If I or my staff take the great strategic thoughts from our heads and capture them in a meaningful way (typically pdf mark-up for all to review and see, and to refresh my memory down the line), then as clearly stated above it is billable. What we don't charge for is thinking about things and ...well.. simply thinking about things like too many lawyers do. We don't charge for simply reading, since that is hardly thinking and provides very little value to the client in and of itself (contrary to your premise). How much brain power does it really take to read a transmittal letter with something you already know about? Can you really justify billing a client for so little brain power?
We all have way too many things going on in our life to remember hardly anything we thought a month ago. And even if it were engaged in very smart thinking, such thinking is meaningless unless it is captured, re-used and leveraged down the line. A thought, no more how good, is worthless if it is not shared with your team, including your client. And that thought’s worth to you in handling the case lasts only as long as you remember it. Will you deduct it from your bill when you can no longer state your great lawyer thoughts again exactly as you thought them and identify exactly where they came from and where they belong?
I would suggest that you are providing meager value with thoughts that are never documented or, if they are captured, sent to a file somewhere where they are rarely reviewed. But my guess Moe is that you do mark-up your documents most of the time. You sound like a good attorney. So my guess is that you do leverage your previously documented thoughts as part of your process. If you never charged one of your clients for reading without capturing knowledge, my guess is that you would still capture most of your time Moe. But if you adopted the smae policy as our firm, you would also be a better lawyer because you would have created an incentive to increase the amount of meaningful, as opposed to merely billable, work you do on a file.

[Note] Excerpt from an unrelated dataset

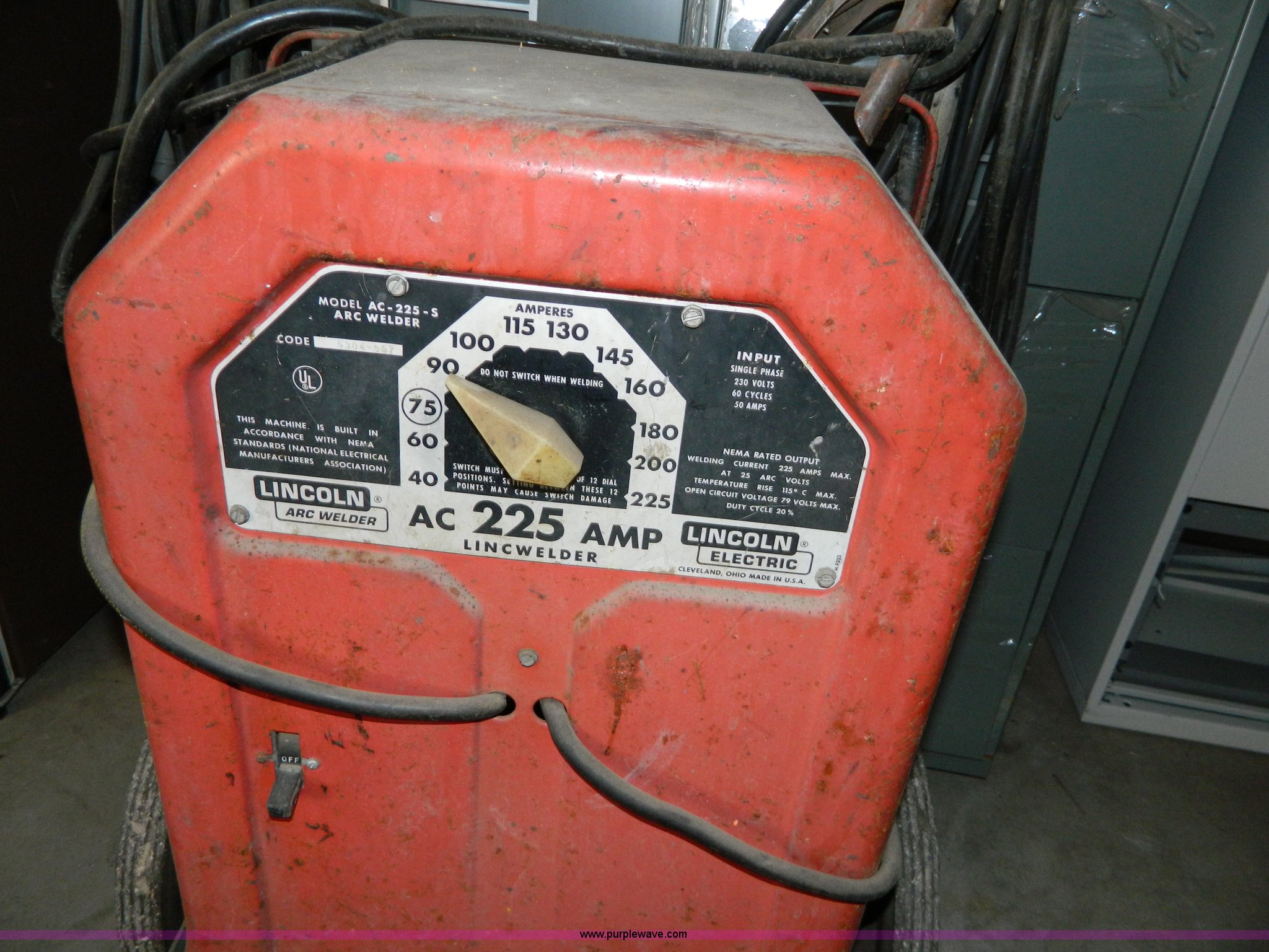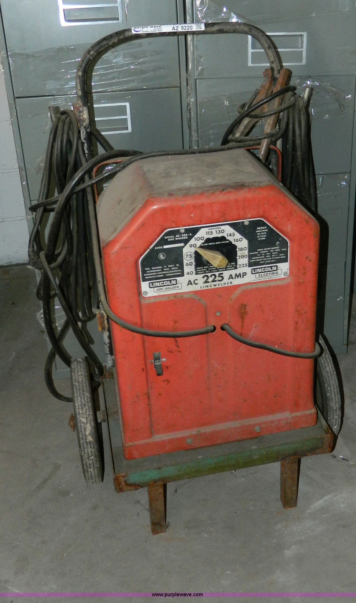 Purple Wave is selling a used Welder (Manual) in Kansas. This item is a Lincoln arc welder with the following: 225 amp, Leads, Cart, Serial 6304-907
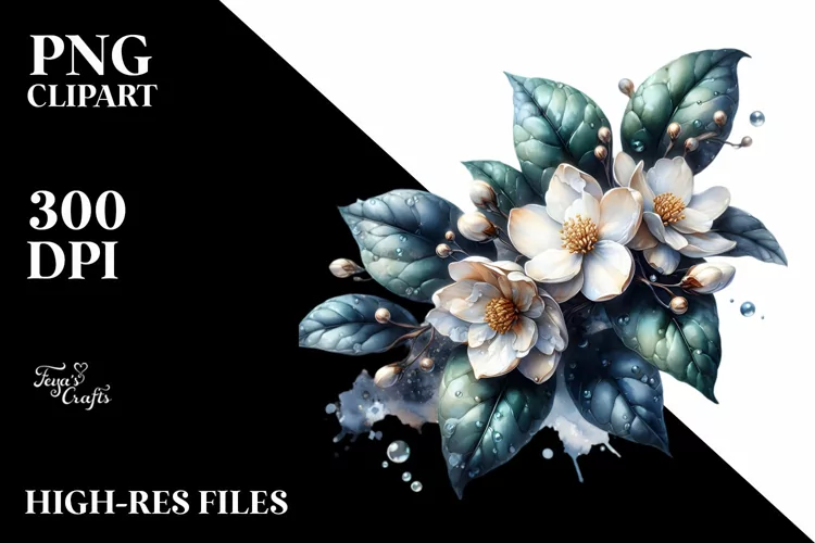 Shiny Material Jasmine Watercolor Splash example image 1

Many lawyers charge huge sums for reading discovery responses, or reading and taking notes which they never refer to again. And even if they do take notes, one has to wonder whether those notes are really available to everyone else on the team? If not, there are of far less value that the lawyer is billing to the client.
We have created a billing system that encourages smart, strategic thinking and mandates that it is documented in a meaningful way, which can be captured, easily viewed and easily reviewed. This is where technology (knowledge management tools) can improve on the paper file method of working up a case. I can find any document and see any thought I had about it within seconds (or at most minutes), without leaving my desk. I can access them while I have the expert, client, other lawyer on the phone. I can do all this without needing or bothering my secretary. I can share every great and valuable thought I ever had about a document with my virtual law clerks and paralegals without any additional effort beyond my single billing event on initial mark-up.
I only ask, whose system creates the better incentives for workers? And whose system is really providing value to the client?